REQUIREMENT. Pictures are to be left out. Return exactly the lines below from the one with "The production of" up to and including the one with "Цельный чернослив с".
= = = = =
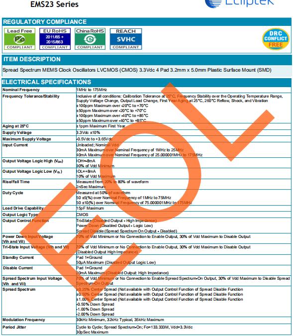 日蝕歐美晶振,EMS23有源晶體,EMS23CHA-24.000M-TR振蕩器,服務(wù)是ECLIPTEK晶振成功的基石.我們時時為客戶著想,盡力滿足并超越客戶對于我們的石英晶振,貼片晶振,電壓晶體元件,晶體振蕩器,有源晶振等產(chǎn)品的質(zhì)量要求以及服務(wù)價值.憑借先進的設(shè)備一流的技術(shù)以及公司訓(xùn)練有素的服務(wù)團隊,多方面的滿足各領(lǐng)域客戶的不同需求,從而成為晶振行業(yè)內(nèi)的最佳資源之一.
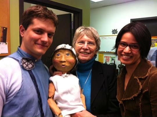 The production of THE GIVER in Chicago used a puppet as a baby; here is the puppet-baby with Jonas, played by Aaron Lawson and also the puppet-maker, Taylor Bibat. Usually the baby was wrapped in a blanket and so the audience would only see a waving hand or nodding head; and the sound...whimpers, giggles.. was provided very effectively as well.
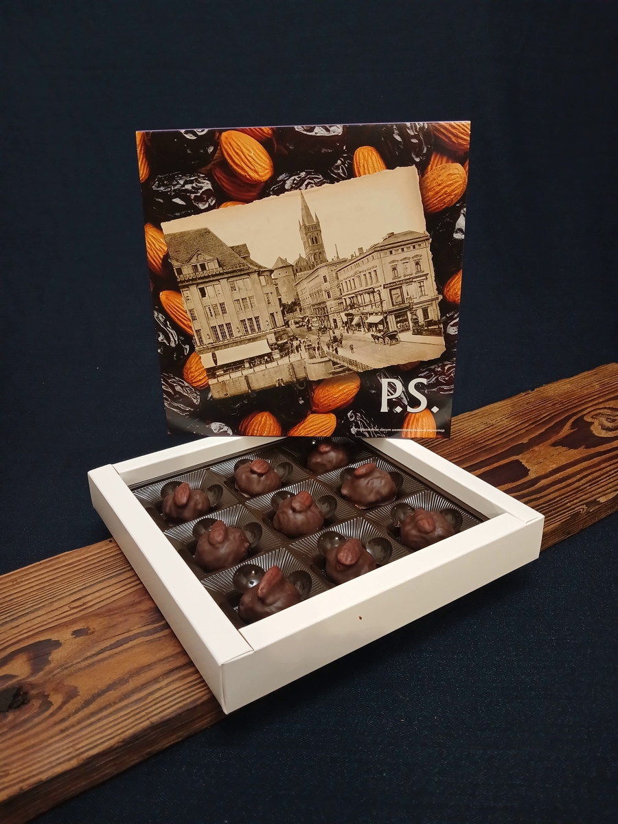 Цельный чернослив с миндалем в натуральном темном шоколаде. Подарочная коробка с видами старого Кёнигсберга.
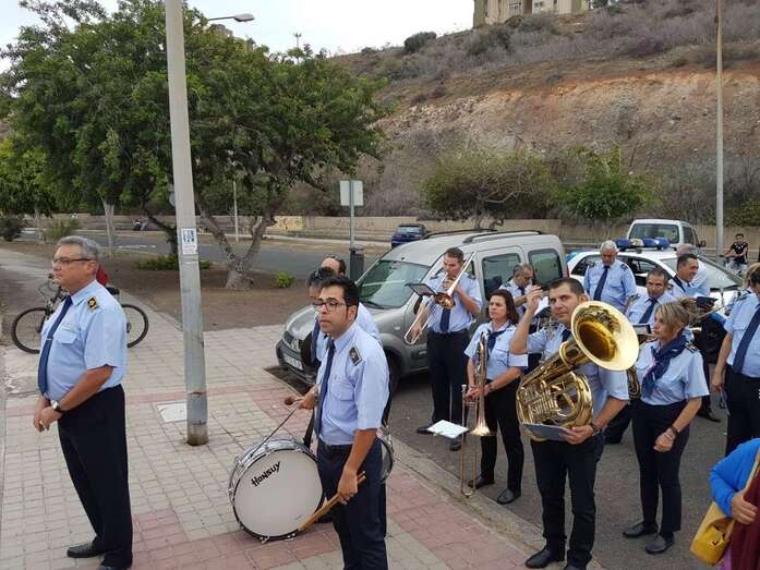 Los feligreses que arroparon el desfile religioso entonaron salmos dedicados a la Virgen, que recibió también los cánticos del joven Adrían, que posee una voz portentosa, y el acompañamiento musical de la Banda Municipal de Telde y de los ediles Abraham Santana y Saro Sosa, ambos del Gobierno de Telde.
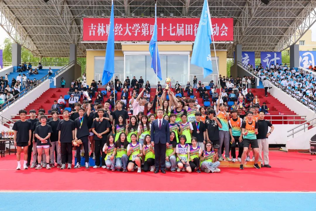 最后,党委副书记刘鹤致闭幕词,他代表组委会向辛勤工作的裁判员、工作人员表示衷心的感谢,向取得优异成绩的运动员们表示热烈的祝贺,向积极参与的每一位同学表示诚挚的谢意!刘鹤指出,运动会不仅是体育竞技的盛会,更是精神风貌的全面展示。学校党委始终将体育育人教育放在重要位置,通过体育实践培养学生的体育精神和文化,检验体育教育成果。本次运动会就是对学校体育教育和学生素质素养教育成果的一次全面展示,全体师生共同见证了开幕式上思政元素与体育精神的完美融合,领略了各代表团的独特魅力以及团体操中洋溢的青春朝气,看到了同学们的拼搏精神,感受到了团队合作的力量,发扬了“更快、更高、更强、更团结”的奥林匹克精神,展现了吉财人追求卓越、勇攀高峰的风采,全体吉财人携手同心,共同奏响了一曲激昂的青春乐章!希望全校师生要以此次运动会为契机,将创先争优、矢志奋斗的精神,内化为学习工作中的不竭动力,以更加饱满的热情、更加健康的体魄、更加坚定的意志,携手并进,为学校高质量发展贡献力量,共创更加美好的明天!
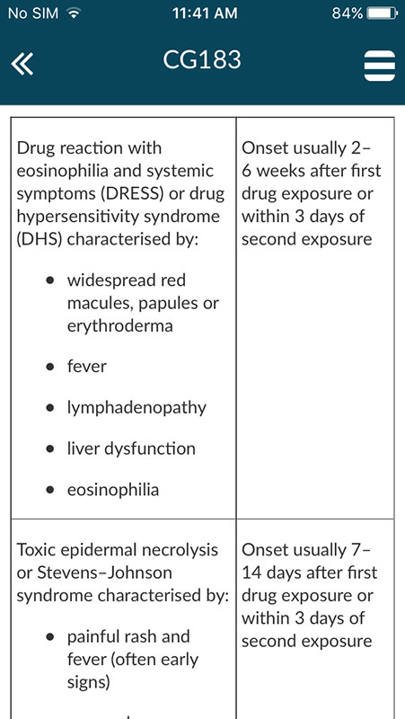 Another thing is lack of share or print options, or ability to copy certain guidelines or parts of the text. Having these options for building a 'quick reference' base or sharing info with colleagues would be very useful. But, the app can be used offline, so this isn't much of a downside.
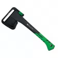 18" overall. 5.5" black coated carbon steel axe head with 2.75" cutting edge. Black and green synthetic handle. H-GRIP no-slip handle coating. Hang packaged.
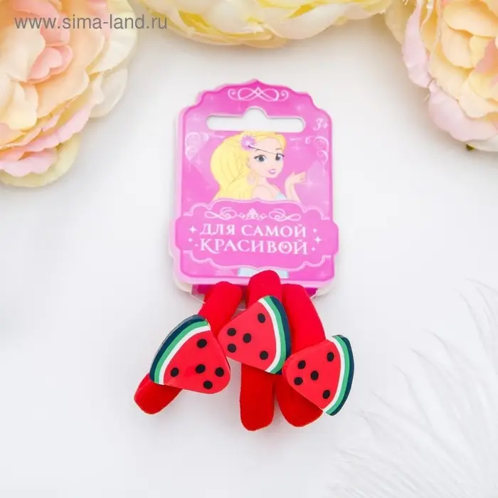 Резинка для волос "Фруктовый взрыв" (набор 3 шт) арбузик, 4,5 см, красный
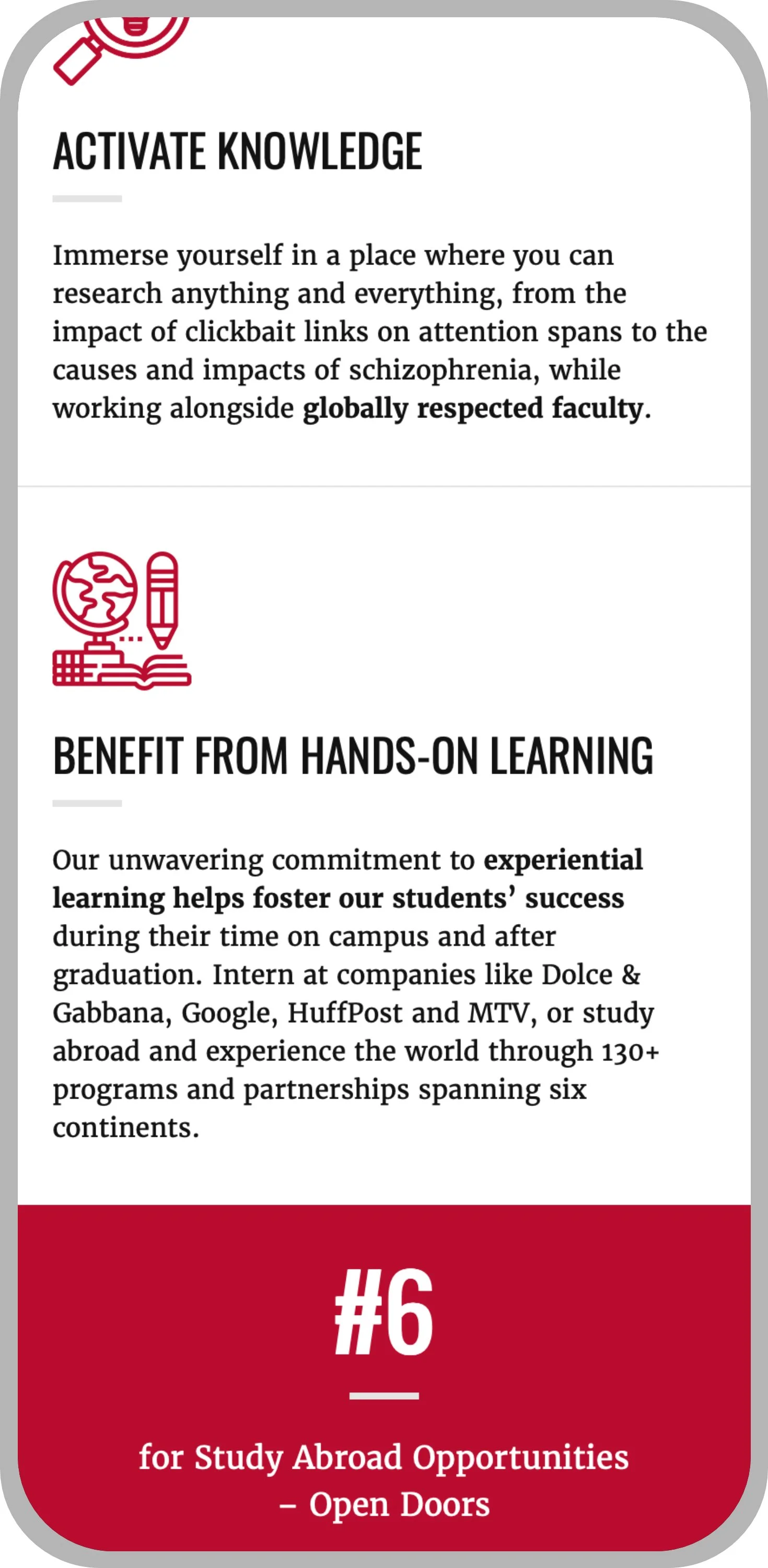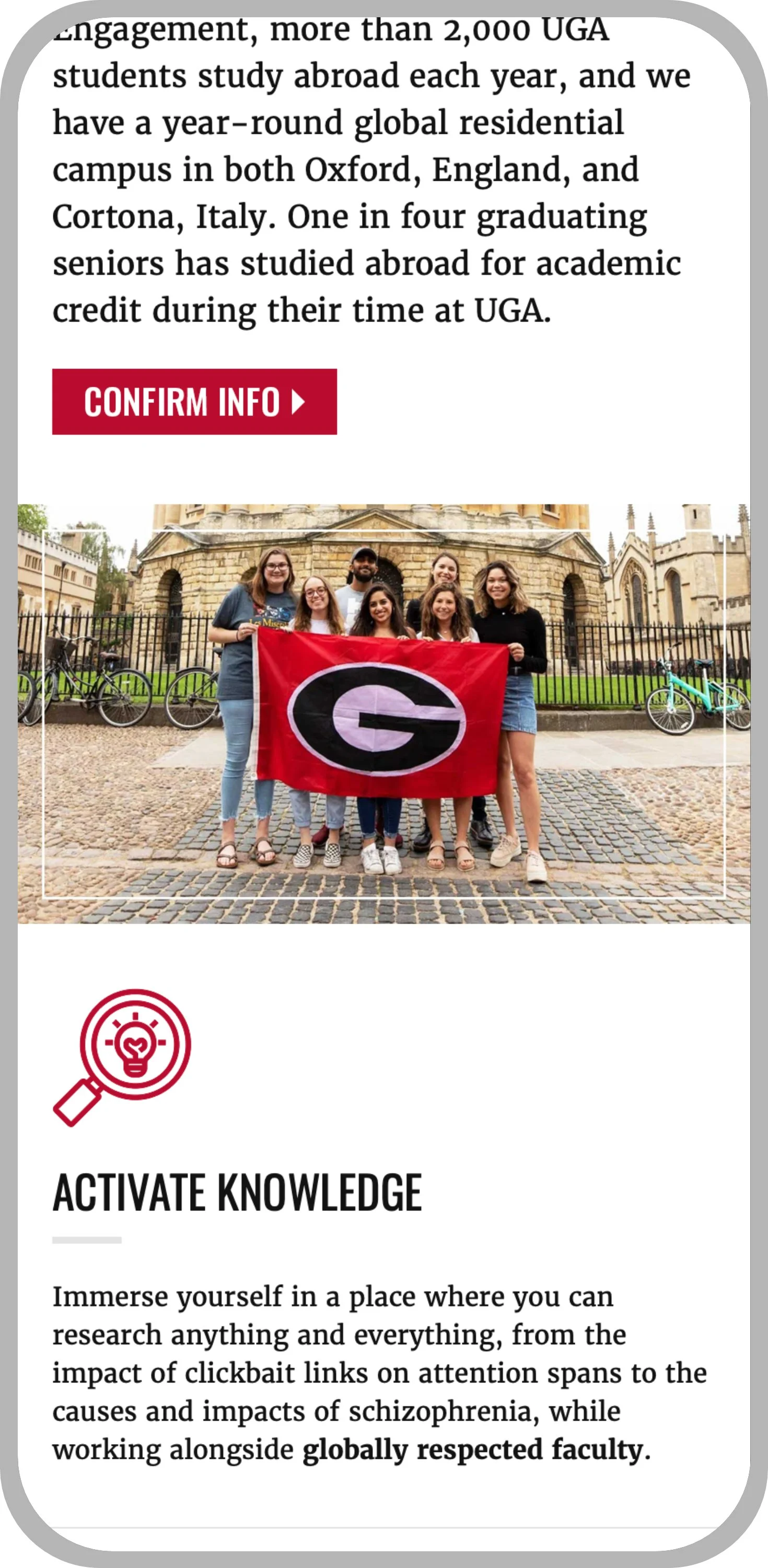 Founded in 1785, the University of Georgia is dedicated to enhancing the intellectual, cultural, and environmental legacy of both the state and the nation by providing an exceptional education and working towards a brighter future. For this marketing campaign, I collaborated with UGA’s admissions team to ensure that the campaign's design accurately reflected their overall brand. My role involved creating the visual design for all their emails and the web landing page, as well as building and coding each element. Through extensive testing, I made sure that the mobile-friendly components looked solid across all email clients and web browsers.
= = = = =
RESULT.
 The production of THE GIVER in Chicago used a puppet as a baby; here is the puppet-baby with Jonas, played by Aaron Lawson and also the puppet-maker, Taylor Bibat. Usually the baby was wrapped in a blanket and so the audience would only see a waving hand or nodding head; and the sound...whimpers, giggles.. was provided very effectively as well.
 Цельный чернослив с миндалем в натуральном темном шоколаде. Подарочная коробка с видами старого Кёнигсберга.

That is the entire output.